:: DATA IN THIS EXERCISE
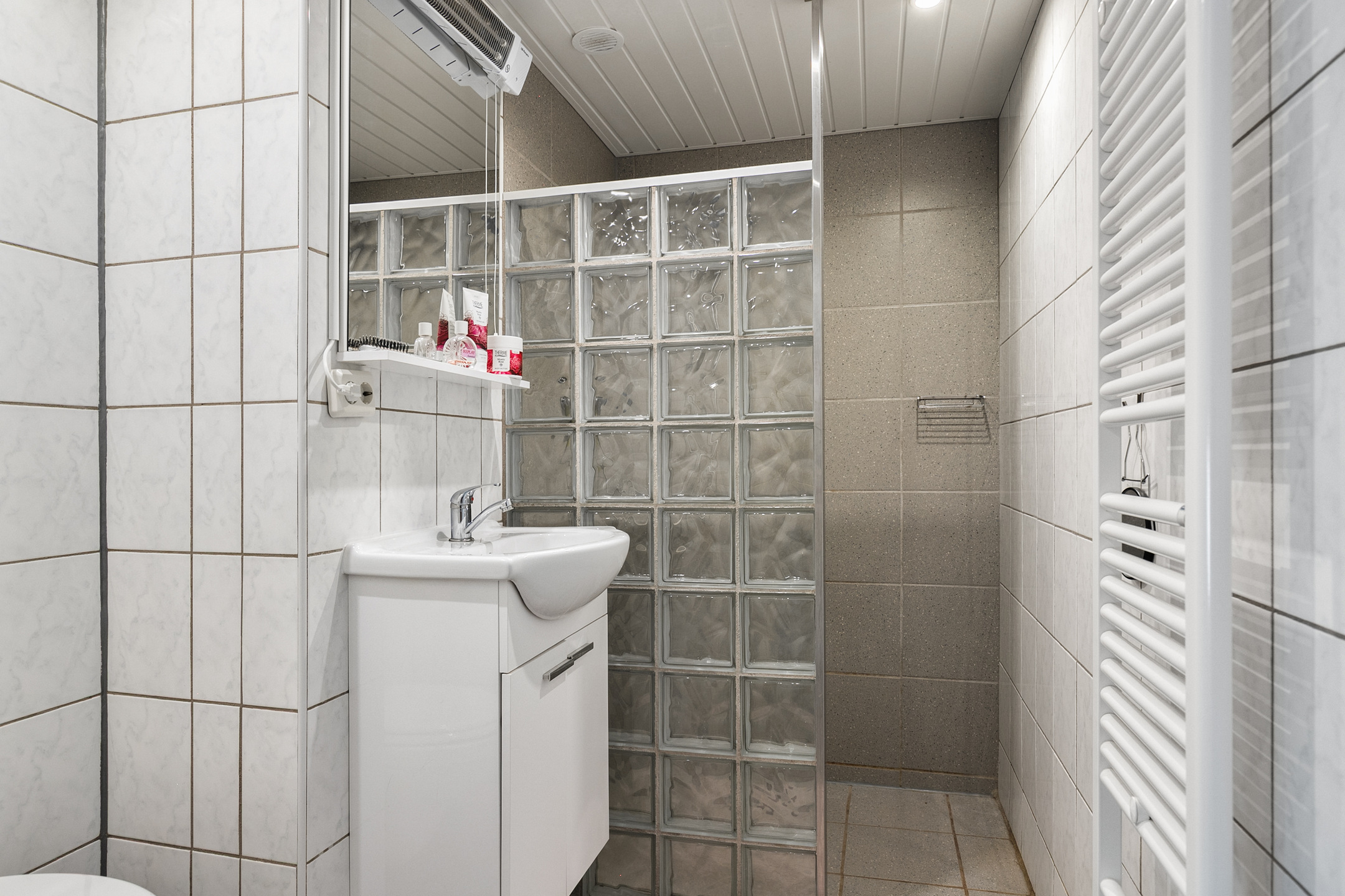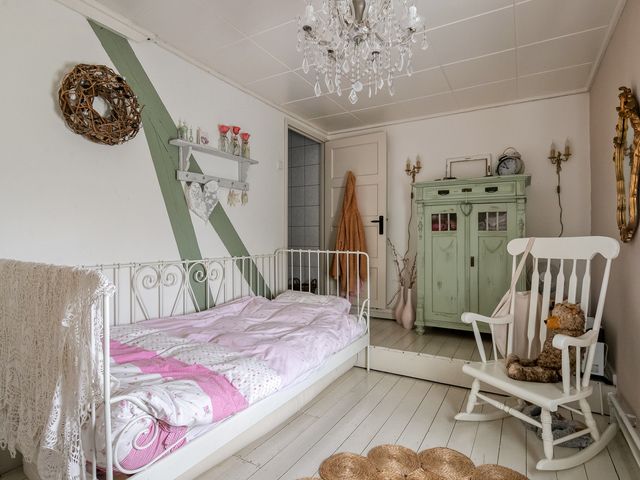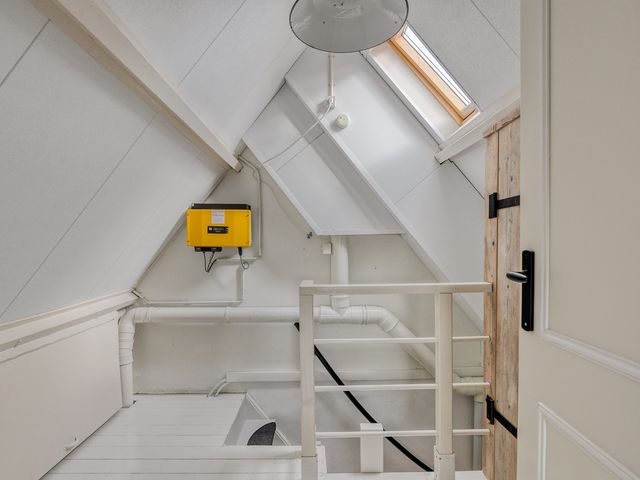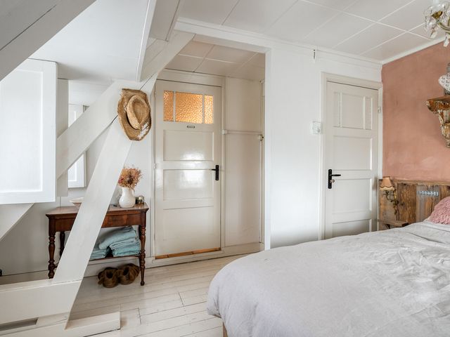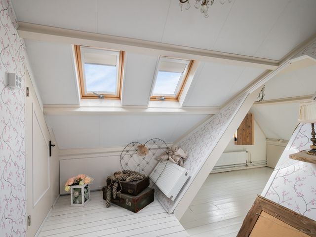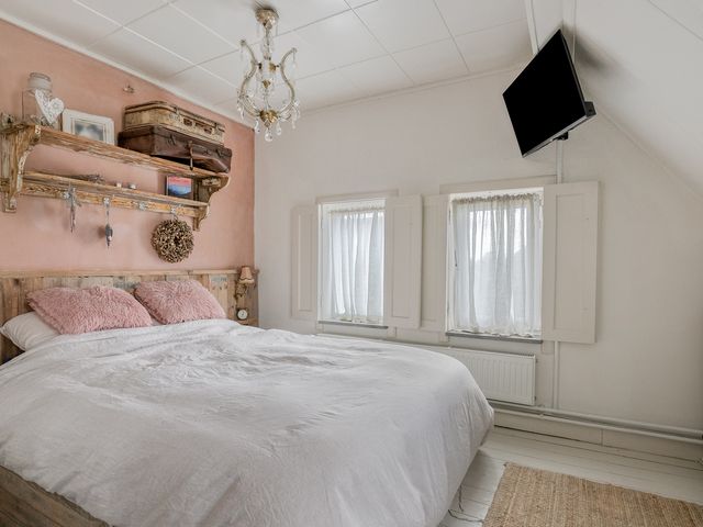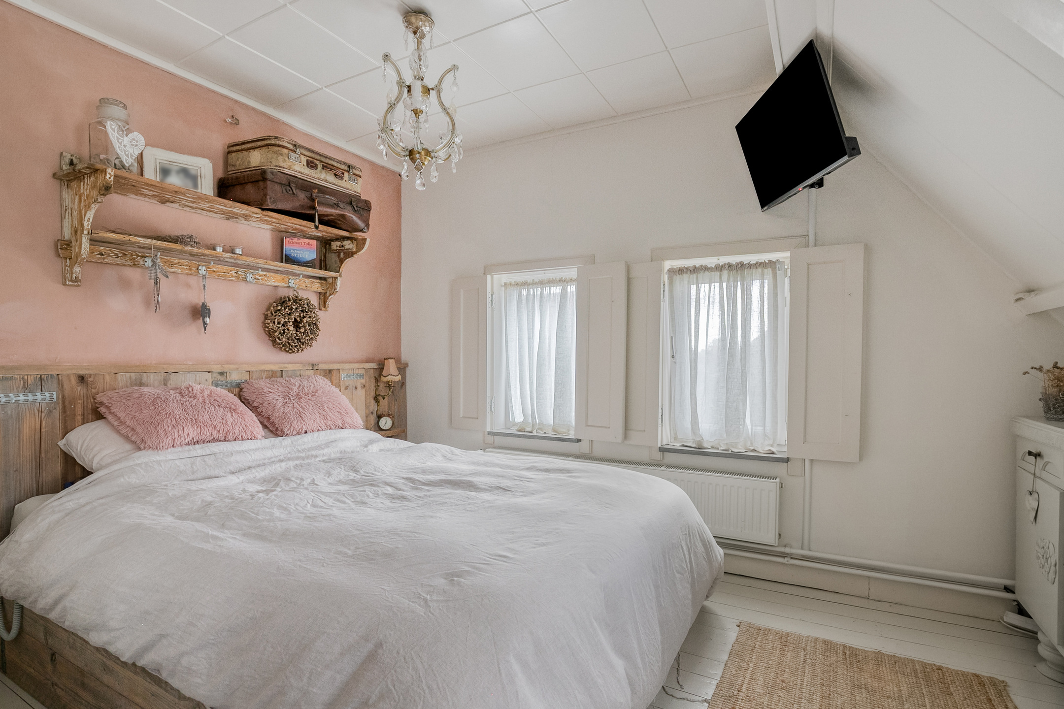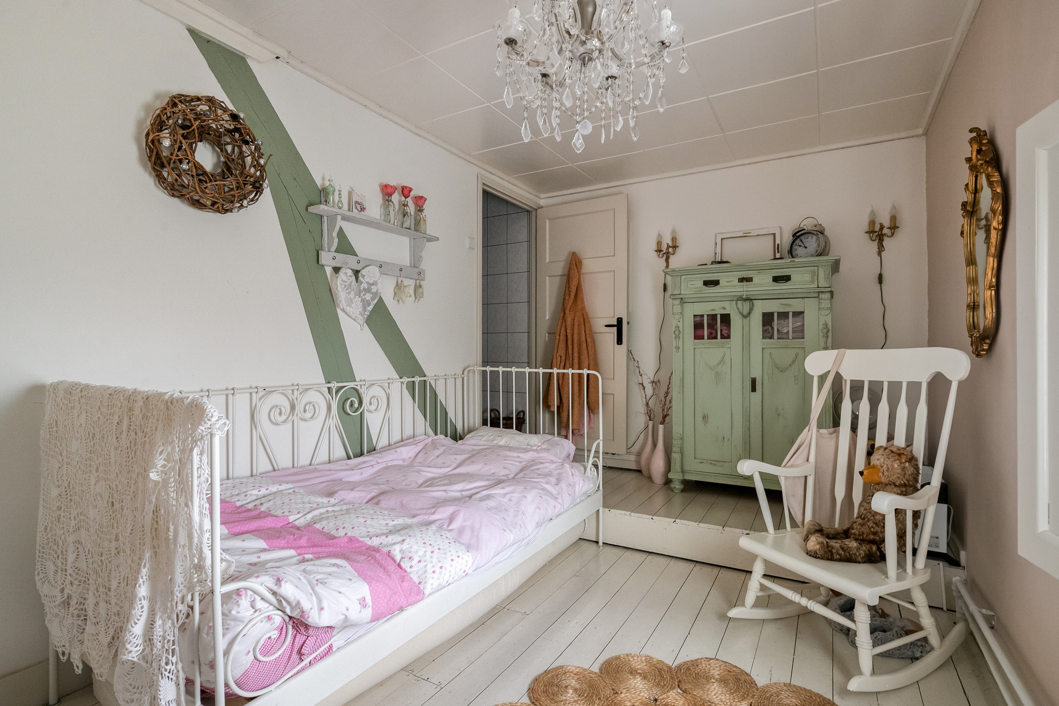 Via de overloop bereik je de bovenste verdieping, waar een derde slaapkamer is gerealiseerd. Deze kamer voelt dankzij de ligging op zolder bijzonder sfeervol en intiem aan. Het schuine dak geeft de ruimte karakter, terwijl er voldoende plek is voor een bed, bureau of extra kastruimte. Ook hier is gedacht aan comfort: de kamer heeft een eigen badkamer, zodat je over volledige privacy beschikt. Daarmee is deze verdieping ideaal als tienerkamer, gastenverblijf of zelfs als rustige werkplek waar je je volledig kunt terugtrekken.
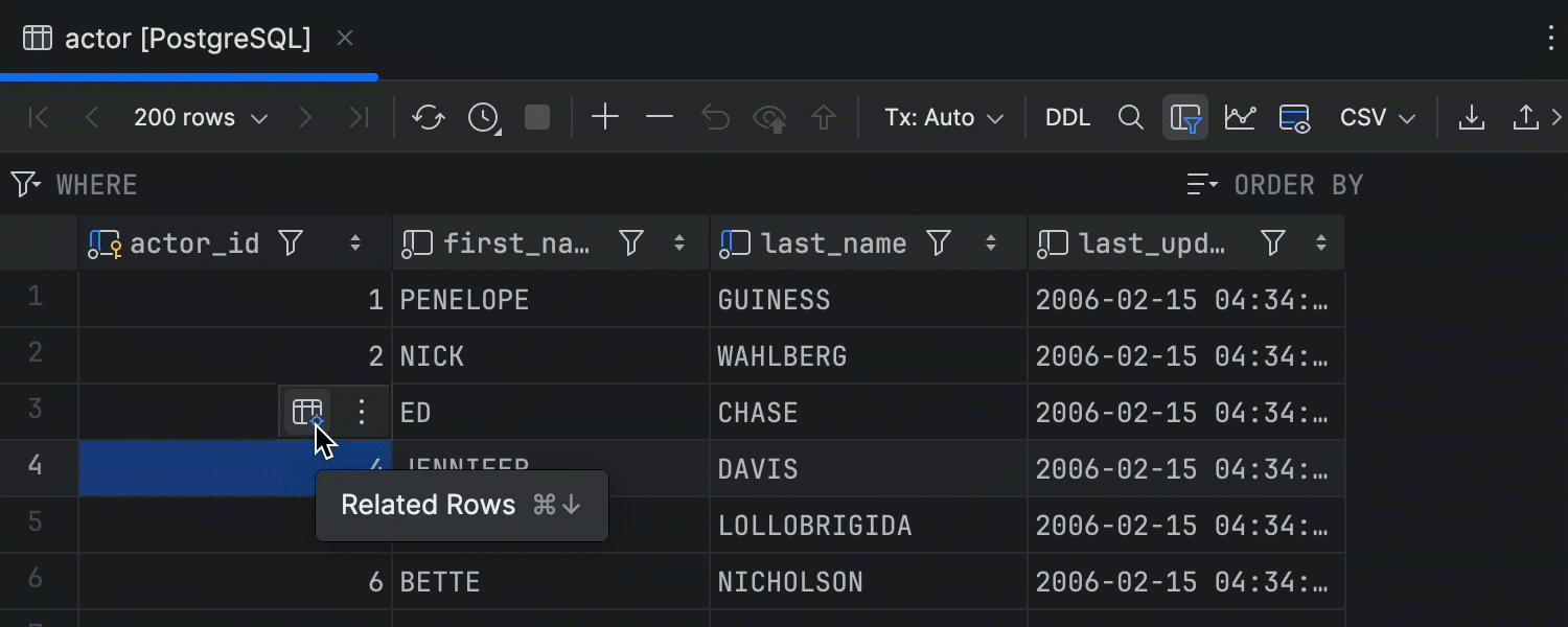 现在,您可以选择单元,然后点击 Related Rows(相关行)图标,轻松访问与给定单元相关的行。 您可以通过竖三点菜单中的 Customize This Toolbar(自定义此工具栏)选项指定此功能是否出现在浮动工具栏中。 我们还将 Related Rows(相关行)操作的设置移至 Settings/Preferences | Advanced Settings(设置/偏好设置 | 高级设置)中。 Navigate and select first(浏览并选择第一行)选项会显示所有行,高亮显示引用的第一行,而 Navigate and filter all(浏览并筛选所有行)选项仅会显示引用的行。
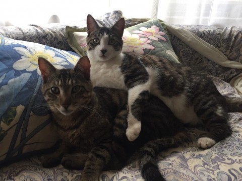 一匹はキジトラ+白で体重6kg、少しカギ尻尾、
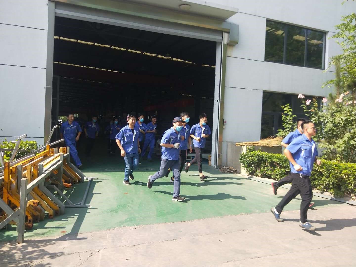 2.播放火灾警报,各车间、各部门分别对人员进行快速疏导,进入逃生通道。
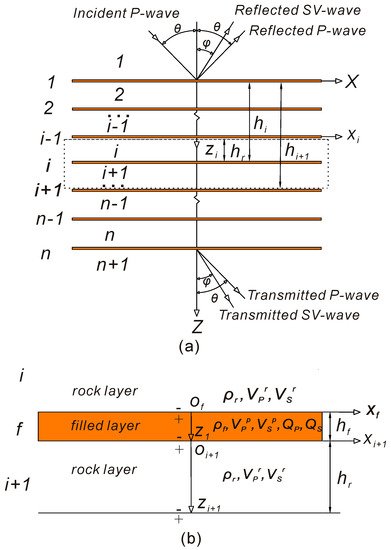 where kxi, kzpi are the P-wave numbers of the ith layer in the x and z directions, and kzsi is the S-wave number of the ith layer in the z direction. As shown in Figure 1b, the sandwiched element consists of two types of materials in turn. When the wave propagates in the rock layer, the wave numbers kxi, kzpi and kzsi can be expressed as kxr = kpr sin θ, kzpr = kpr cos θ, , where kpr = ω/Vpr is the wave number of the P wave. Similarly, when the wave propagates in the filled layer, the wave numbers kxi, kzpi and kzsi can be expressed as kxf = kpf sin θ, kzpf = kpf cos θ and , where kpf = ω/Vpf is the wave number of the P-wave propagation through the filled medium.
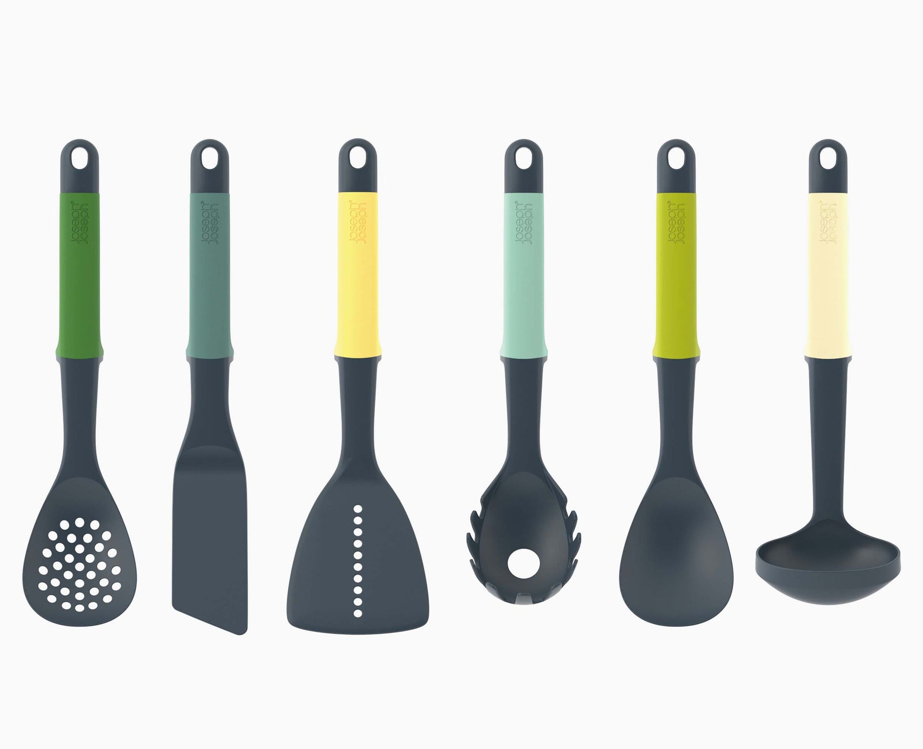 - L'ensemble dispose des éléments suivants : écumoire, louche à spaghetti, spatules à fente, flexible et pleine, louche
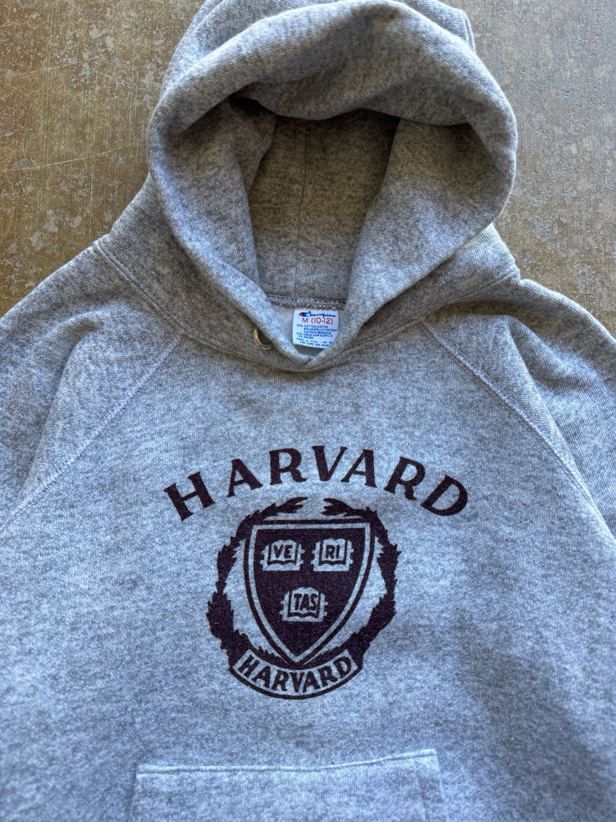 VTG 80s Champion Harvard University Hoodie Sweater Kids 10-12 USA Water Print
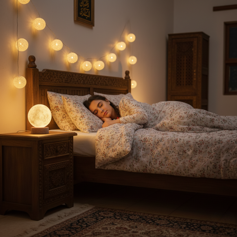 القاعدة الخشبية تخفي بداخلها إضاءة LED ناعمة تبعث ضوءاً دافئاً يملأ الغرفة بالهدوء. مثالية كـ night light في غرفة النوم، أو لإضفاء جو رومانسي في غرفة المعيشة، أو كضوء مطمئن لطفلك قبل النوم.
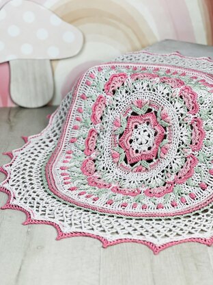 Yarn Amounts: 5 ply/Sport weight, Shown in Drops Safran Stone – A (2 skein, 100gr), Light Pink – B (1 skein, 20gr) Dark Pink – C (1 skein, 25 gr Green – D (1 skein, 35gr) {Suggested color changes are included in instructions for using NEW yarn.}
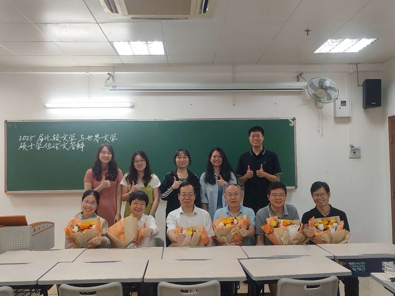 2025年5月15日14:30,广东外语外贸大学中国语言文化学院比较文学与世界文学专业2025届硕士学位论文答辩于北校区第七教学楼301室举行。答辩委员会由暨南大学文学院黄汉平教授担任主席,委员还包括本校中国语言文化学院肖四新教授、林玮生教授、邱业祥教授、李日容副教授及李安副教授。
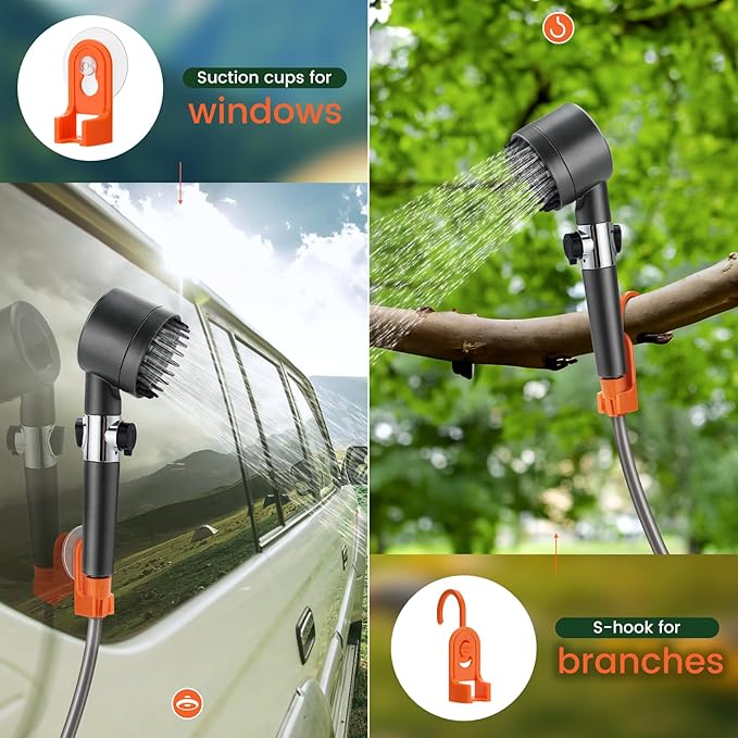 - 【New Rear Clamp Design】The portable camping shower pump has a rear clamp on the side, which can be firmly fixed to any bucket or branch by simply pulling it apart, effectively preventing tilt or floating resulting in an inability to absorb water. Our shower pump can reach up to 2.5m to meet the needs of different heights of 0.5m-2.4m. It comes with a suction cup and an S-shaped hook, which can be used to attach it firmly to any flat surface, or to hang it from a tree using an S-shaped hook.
::::
◆ TO DO
Please reproduce the entries above exactly, omitting every picture.

◆ YOUR RESPONSE
 Via de overloop bereik je de bovenste verdieping, waar een derde slaapkamer is gerealiseerd. Deze kamer voelt dankzij de ligging op zolder bijzonder sfeervol en intiem aan. Het schuine dak geeft de ruimte karakter, terwijl er voldoende plek is voor een bed, bureau of extra kastruimte. Ook hier is gedacht aan comfort: de kamer heeft een eigen badkamer, zodat je over volledige privacy beschikt. Daarmee is deze verdieping ideaal als tienerkamer, gastenverblijf of zelfs als rustige werkplek waar je je volledig kunt terugtrekken.
 现在,您可以选择单元,然后点击 Related Rows(相关行)图标,轻松访问与给定单元相关的行。 您可以通过竖三点菜单中的 Customize This Toolbar(自定义此工具栏)选项指定此功能是否出现在浮动工具栏中。 我们还将 Related Rows(相关行)操作的设置移至 Settings/Preferences | Advanced Settings(设置/偏好设置 | 高级设置)中。 Navigate and select first(浏览并选择第一行)选项会显示所有行,高亮显示引用的第一行,而 Navigate and filter all(浏览并筛选所有行)选项仅会显示引用的行。
 一匹はキジトラ+白で体重6kg、少しカギ尻尾、
 2.播放火灾警报,各车间、各部门分别对人员进行快速疏导,进入逃生通道。
 where kxi, kzpi are the P-wave numbers of the ith layer in the x and z directions, and kzsi is the S-wave number of the ith layer in the z direction. As shown in Figure 1b, the sandwiched element consists of two types of materials in turn. When the wave propagates in the rock layer, the wave numbers kxi, kzpi and kzsi can be expressed as kxr = kpr sin θ, kzpr = kpr cos θ, , where kpr = ω/Vpr is the wave number of the P wave. Similarly, when the wave propagates in the filled layer, the wave numbers kxi, kzpi and kzsi can be expressed as kxf = kpf sin θ, kzpf = kpf cos θ and , where kpf = ω/Vpf is the wave number of the P-wave propagation through the filled medium.
 - L'ensemble dispose des éléments suivants : écumoire, louche à spaghetti, spatules à fente, flexible et pleine, louche
 VTG 80s Champion Harvard University Hoodie Sweater Kids 10-12 USA Water Print
 القاعدة الخشبية تخفي بداخلها إضاءة LED ناعمة تبعث ضوءاً دافئاً يملأ الغرفة بالهدوء. مثالية كـ night light في غرفة النوم، أو لإضفاء جو رومانسي في غرفة المعيشة، أو كضوء مطمئن لطفلك قبل النوم.
 Yarn Amounts: 5 ply/Sport weight, Shown in Drops Safran Stone – A (2 skein, 100gr), Light Pink – B (1 skein, 20gr) Dark Pink – C (1 skein, 25 gr Green – D (1 skein, 35gr) {Suggested color changes are included in instructions for using NEW yarn.}
 2025年5月15日14:30,广东外语外贸大学中国语言文化学院比较文学与世界文学专业2025届硕士学位论文答辩于北校区第七教学楼301室举行。答辩委员会由暨南大学文学院黄汉平教授担任主席,委员还包括本校中国语言文化学院肖四新教授、林玮生教授、邱业祥教授、李日容副教授及李安副教授。
 - 【New Rear Clamp Design】The portable camping shower pump has a rear clamp on the side, which can be firmly fixed to any bucket or branch by simply pulling it apart, effectively preventing tilt or floating resulting in an inability to absorb water. Our shower pump can reach up to 2.5m to meet the needs of different heights of 0.5m-2.4m. It comes with a suction cup and an S-shaped hook, which can be used to attach it firmly to any flat surface, or to hang it from a tree using an S-shaped hook.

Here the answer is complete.